00:06:53.260 The second thing to keep in mind is that when you have more employers, you end up with more
00:06:58.940 employees. This is something that the Swedes told us when we were in their country last year talking
00:07:04.280 with people about healthcare. And I thought this is a great way of explaining it. Because when you
00:07:08.940 have a more vibrant healthcare sector, you have more choices for people in the healthcare sector in
00:07:14.800 terms of where they want to work. Right now in Canada, you often have doctors and nurses graduating
00:07:20.740 and they look around and often the option is, well, I work in the government system or I go somewhere
00:07:26.900 else. Well, if they had more choices in Canada, then we could retain more doctors, we could retain
00:07:32.040 more nurses, we wouldn't have the shortages that we have right now. And I know it's not perfectly
00:07:37.400 analogous, but I would also say that we could look at the education system. It's another regulated
00:07:41.920 professional designation to be a teacher. We have private schools. We have not seen this mass exodus of
00:07:48.360 public school teachers to private schools because we also forget that people are motivated by different
00:07:52.720 things. People that go into healthcare are motivated by different things. You may really want to be
00:07:56.620 in a hospital and a family medicine practice and you'll stay in the system because it offers you
00:08:01.060 something. Yeah, I mean, I love that example. We've used it too, Andrew, because it's such a good
00:08:05.880 comparison. You, across Canada, we have choices for parents. You can put your kids in the government run
00:08:12.980 system or you can pay for, you know, private school, independent school, whatever. And the vast majority of
00:08:19.500 Canadians still choose the public system and that's totally fine. But when those do decide, some
00:08:23.920 parents decide on private options, again, they're taking pressure off of those, those public school
00:08:29.000 systems. The point about, you know, choice for, for workers is important. Here's a crazy number that
00:08:36.260 we were able to calculate using some data from the state of Michigan is that there's nearly 2000 nurses
00:08:43.140 who live in Ontario and get up each day for work and they cross the border into Michigan
00:08:49.380 primarily working in the Detroit area. Like that is huge. And we talked to them, we surveyed them.

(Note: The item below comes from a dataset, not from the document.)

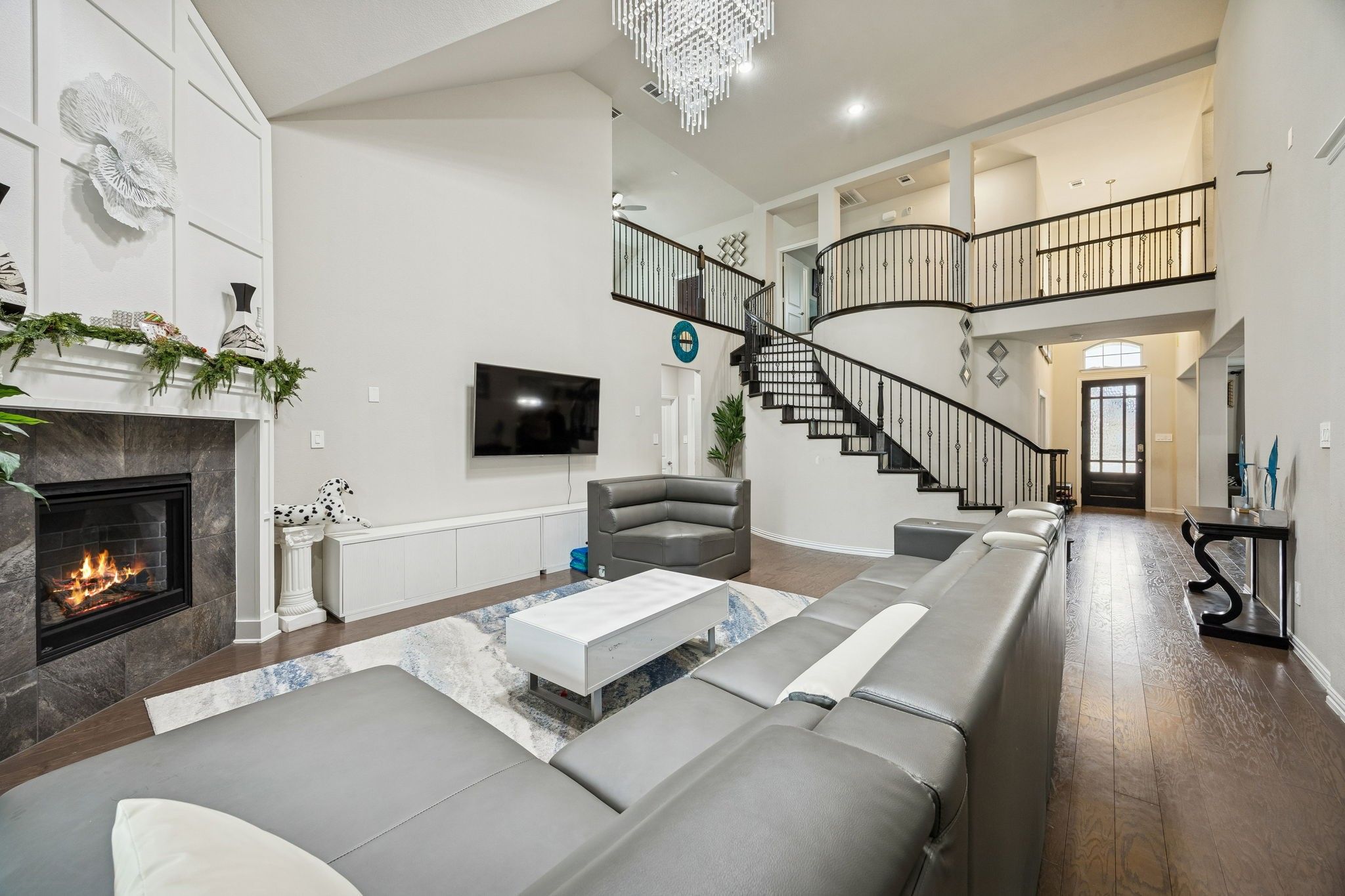 Built by Gallery Custom Homes – Stunning North-Facing Home in Woodbridge Estates Welcome to this exceptional north-facing home in the highly sought-after Woodbridge Estates community. Designed with both elegance and functionality in mind, this home offers luxury finishes and thoughtful upgrades throughout. Enjoy relaxing mornings on the covered front porch and entertain year-round on the expansive covered patio featuring outdoor kitchen and beautifully turfed backyard. Inside, the kitchen is a showstopper with a large California island, butler’s pantry, walk-in pantry, double ovens, a 36-inch gas cooktop, and stunning 3cm quartz countertops. The open-concept layout flows seamlessly and showcases rich wood flooring throughout the downstairs living areas, excluding the primary bedroom. A dramatic curved staircase adds architectural charm, while the integrated Savant smart home system with surround sound and camera pre-wiring brings modern convenience and peace of mind. Ideally located just moments from shopping, dining, grocery stores, and convenient access to FM 544, this home truly offers the perfect blend of luxury, comfort, and location
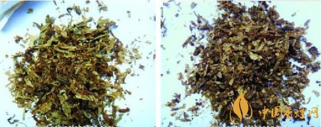 真煙煙絲呈現(xiàn)出橙黃色,切絲寬度均勻且有油潤(rùn)性;假煙煙絲呈現(xiàn)出淺黃色,切絲寬度不一,含末率較高,與真品煙絲成色比對(duì)存在明顯差異。

00:08:56.520 We said, well, why are you doing this? And the number one reason it actually wasn't compensation.
00:09:01.000 It was the availability of work. They had the types of work, like positions that they wanted.
00:09:08.120 But the second reason was compensation and right behind it was working conditions. And many of them
00:09:14.600 noted that they could get these jobs in Michigan. They were the way that they wanted them. They had,
00:09:21.740 they were full time, came with benefits. They came with a predictable schedule. I mean, you,
00:09:28.800 you had a competitive environment in Michigan where they were having employer, employers competing to
00:09:35.300 attract these workers and finding ways to give them the type of work arrangements that they wanted.
00:09:41.160 Whereas in Ontario, they were looking at it and they're looking at the government system and saying,
00:09:45.560 no, I just don't want to work there. And this has been a problem for a long time. You can't blame
00:09:50.040 the current government. You can't blame even, I don't think the former government, because it's just,
00:09:54.340 it's the problem when you have this monopolistic environment.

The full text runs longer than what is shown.